Originally Posted by
gameover
nah it's not a problem, the weight on the scale at 1mm compression is around 200-300g and to compress the spring to 5mm takes close to 1500g (in some cases more). 1-2 grams error doesn't matter in the slightest.
the absolute load on the spring is not critical, actually when i calculate the final rate i ignored the first reading at 0.5mm to remove the variation. It takes the same weight to compress the spring from 1.0mm - 1.5mm as it does from 4.5mm to 5.0mm, its only the relative difference that is important for these linear springs.
You qoute values such as 2.93N/mm. This means you need to apply a weight of 2.93/9.81=0.29 grams to achieve a deflection of 1mm. If your scale can not measure this accurately, your results may be off by Newtons (not fractions thereof). I had to use only two decimal places because you don't give four.
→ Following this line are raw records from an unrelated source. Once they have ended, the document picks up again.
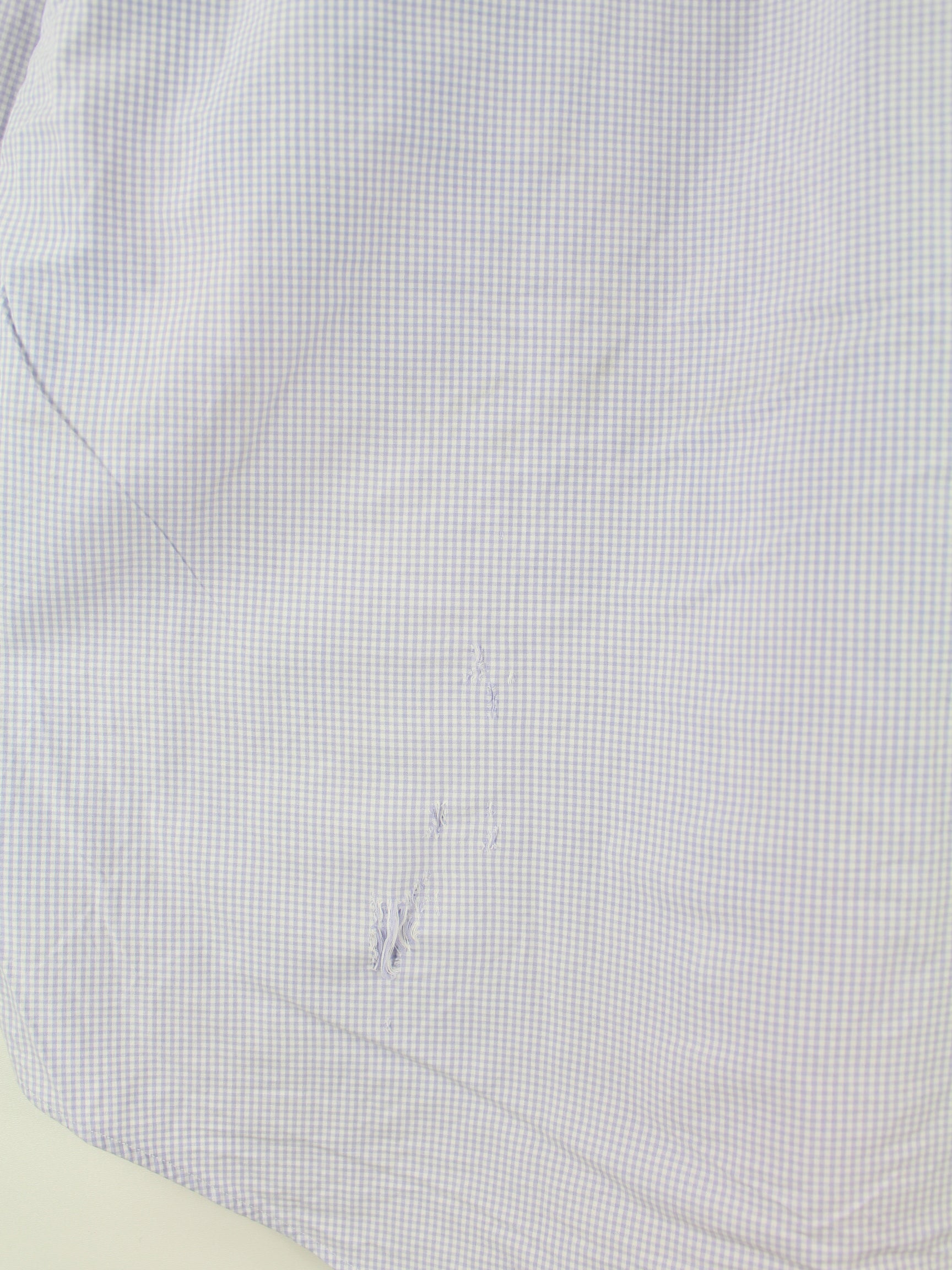 Mängel: Ein Knopf fehlt, der unterste Knopf ist etwas beschädigt und Beschädigung am Rücken (siehe Bilder)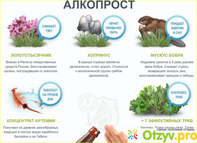 Алкопрост является достаточно сильным препаратом, с помощью которого удается легко и просто избавиться от алкоголизма. Кроме того что средство устраняет зависимость, средство помогает восстановить внутренние органы и улучшить состояние здоровья, ведь за время употребления алкоголем, внутренние органы человека значительно пострадали. Особенностью данного средства является тот факт, что этот препарат не состоит из вредно действующих компонентов, в его составе присутствуют только натуральные компоненты, которые благоприятным образом воздействуют на здоровье человека и действительно помогают устранить сильную зависимость по алкоголю.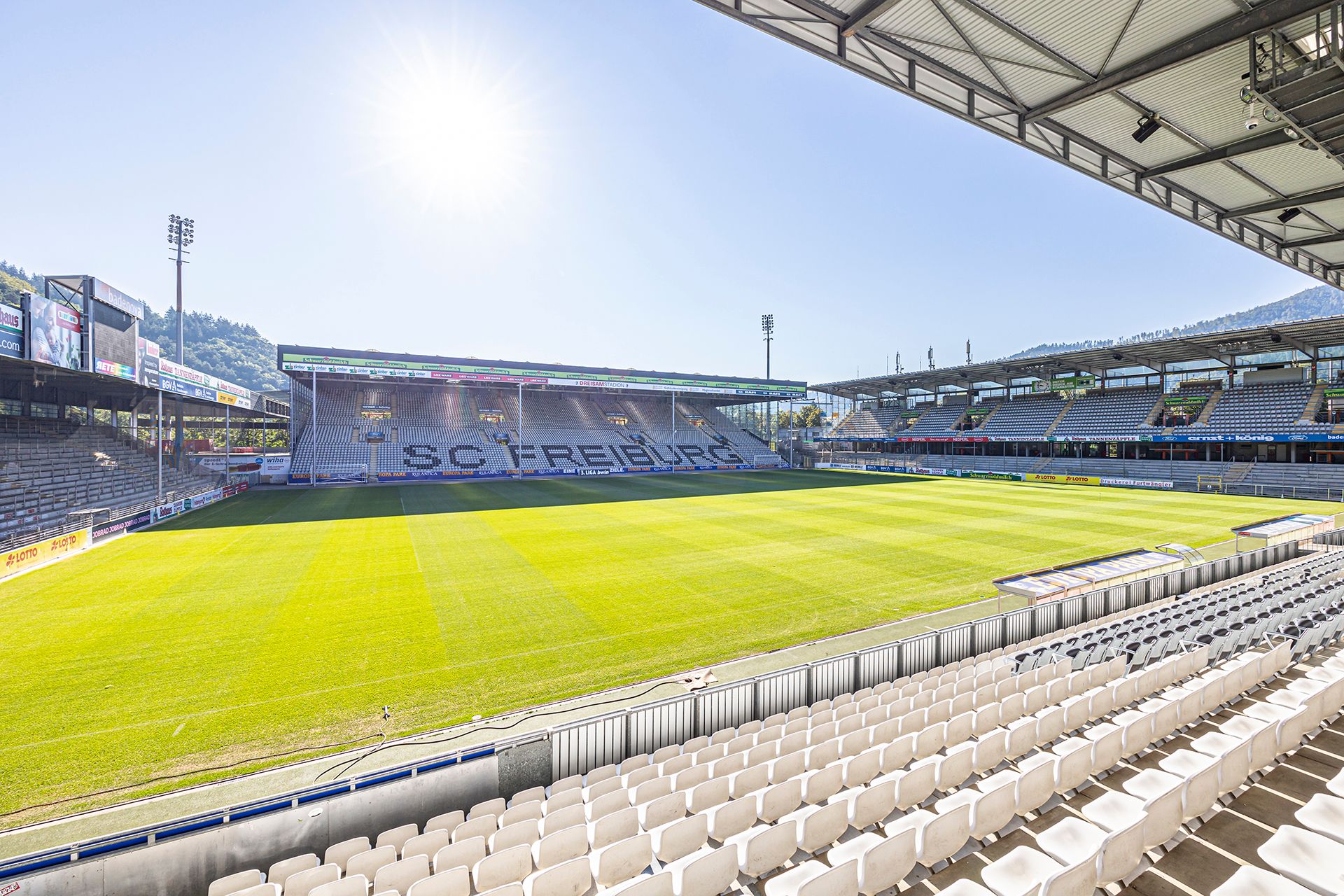 Das Stadion des SC Freiburg war das erste komplette Solarstadion in Deutschland. Auf 2.200m² Solarfläche werden in der Arena 275.000 Kilowattstunden Strom per anno produziert und damit der Ausstoß von ca. 136 Tonnen CO2 pro Jahr vermieden. Im Rahmen der badenova-Kampagne "Energiewende für alle" soll langfristig die CO2-Neutralstellung des Stadions erreicht werden.
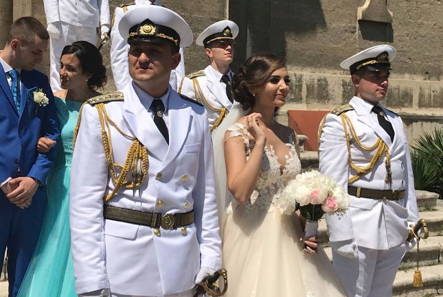 Сватбата на двама морски офицери се превърна в истинска атракция за преминаващите край Катедралния храм „Свето Успение Богородично“ варненци, видя репортер на Moreto.net.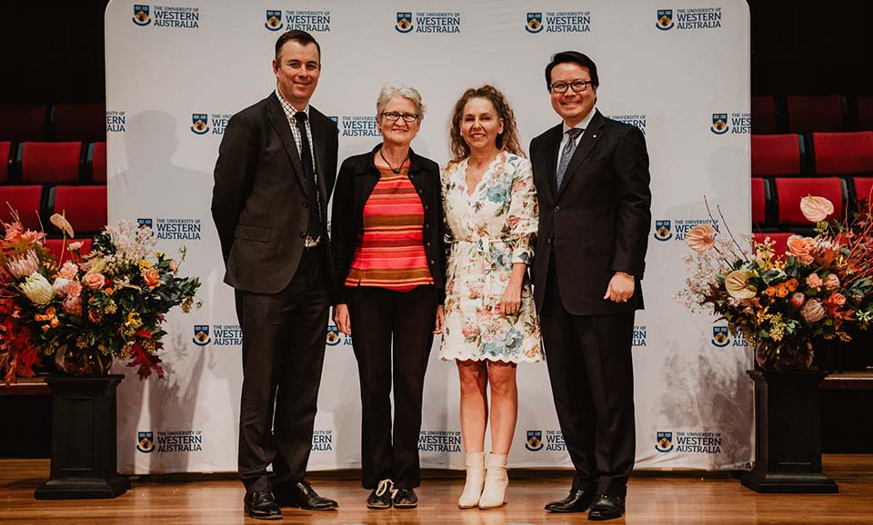 [Photo L to R: Professor John Chandler, Dean and Head of School Professor Natalie Skead, The Honourable Kim Beasley AC, Professor Richard Bartlett]
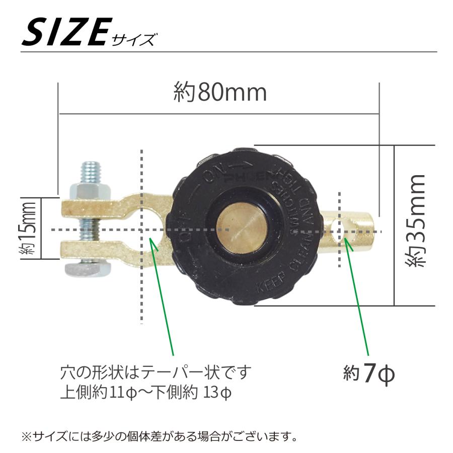 バッテリー端子と車体側の電源配線の間にダイヤルを設け、それを回すだけでON/OFFできる構造になっており、工具や手間は一切必要なくなります。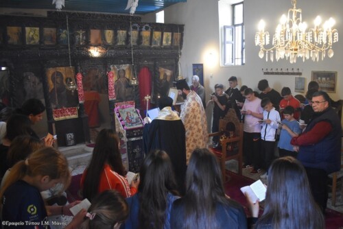 Μαζί του ἦταν ὁ ἐφημέριος τῆς ἐνορίας π. Γεώργιος Ζαρειφόπουλος, ὁ Διευθυντής τοῦ Γυμνασίου καί οἱ ἐκπαιδευτικοί.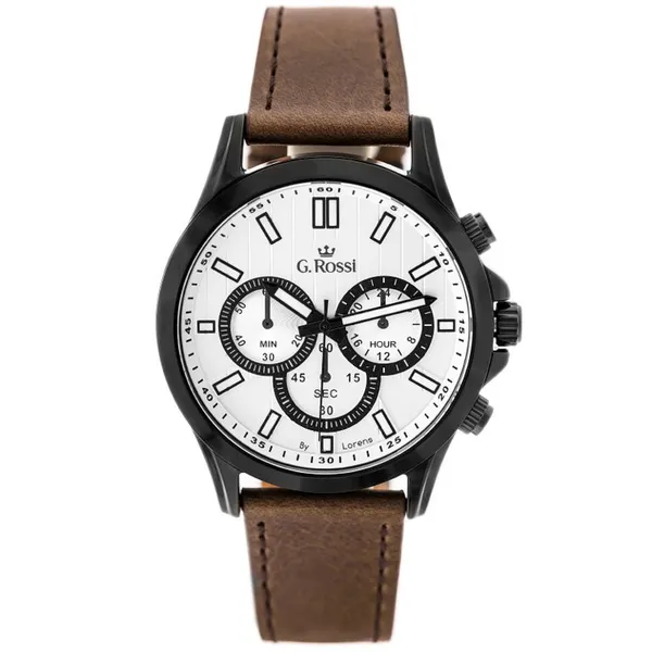 • Férfi кварc karóra barna bőrszíjjal, ezüst számlappal, fekete tok

Your comment relates to obtaining the elastic constant of your spring, which on your graph is the slope of the line, but I am arguing that if your experimentally determined points have errors of a few grams, that line can vary in its slope hugely because of this indetermination. Try to plot each point with its error bars and then see how many lines can fit through these error intervals and you'll understand what I mean. Come to think of it, you really need the calibration curve of your scale to be able to claim you have determined the spring constant to that accuracy.
Not to say the companies selling us their spring do any of this. I just take their values as orientation at best.